Exemplary chord progression information of a musical composition is: chord (name=c: maj, bar=1, bean=1/16), chord (name=a: min, bar=5, bean=1/16), the Chord progression information has the meaning: a chord named C is inserted at the 1 st 16 th note position of the first measure of the phrase (i.e. bar=1) and a chord named a is inserted at the 1 st 16 th note position of the fifth measure of the phrase.

The chord position is designated in the chord going information, whether the chord position in the chord going information is matched with the position of the to-be-determined token in the current phrase is judged, if the chord position designated in the chord going information is matched with the position of the to-be-determined token in the current phrase, the to-be-determined token is determined to be the starting position of the chord, and the to-be-determined token is also understood as the type of the to-be-determined token to be the POS. After determining that the token to be determined is the starting position of the chord, or determining that the type of the token to be determined is POS, modifying the value of the starting position of the chord or the note in the predicted value of the token to be determined into the name of the matched chord according to the name of the matched chord.

Taking Chord (name=c: maj, bar=1, bean=1/16), chord (name=a: min, bar=5, bean=1/16) as an example, it is determined whether the position of the token in the current phrase is the position of the 1 st 16 th note of the first measure of the phrase or whether it is the position of the 1 st 16 th note of the fifth measure of the phrase, and if it is the position of the token in the current phrase that matches the position of the 1 st 16 th note of the fifth measure, the value of the predicted value of the token to be determined and the initial position of the Chord or note is set to a: min.
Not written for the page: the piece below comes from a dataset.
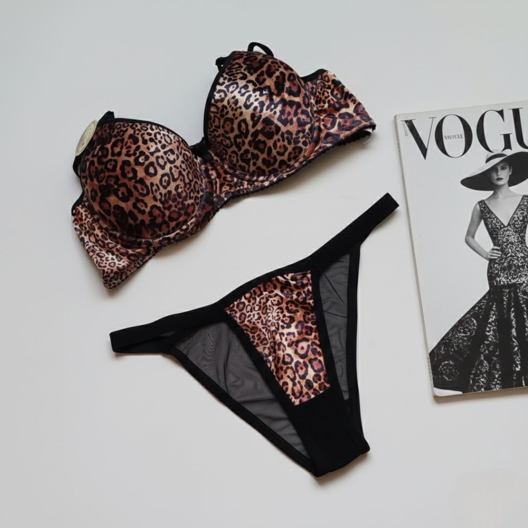 ناموجودست شورت و سوتین زنانه اسفنجی| مخملی پلنگی | نیم جک دار | برند sevil

Optionally, the output module includes a linear layer and a softmax layer, and determining the token to be determined according to the decoding vector of the token to be determined may include the following steps: mapping the decoding vector of the token to be determined into output vectors of all music attributes of the token to be determined through the linear layer; and processing the output vector of each music attribute of the token to be determined through the softmax layer to obtain probability distribution of each music attribute of the token to be determined, determining predicted values of each music attribute of the token to be determined according to the probability distribution of each music attribute of the token to be determined, and forming the predicted values of the token to be determined by the predicted values of each music attribute of the token to be determined.

The token to be determined comprises a plurality of music attributes, and when the predicted value of each music attribute of the token to be determined is determined, the values of the music attributes are not sequenced among the predicted values.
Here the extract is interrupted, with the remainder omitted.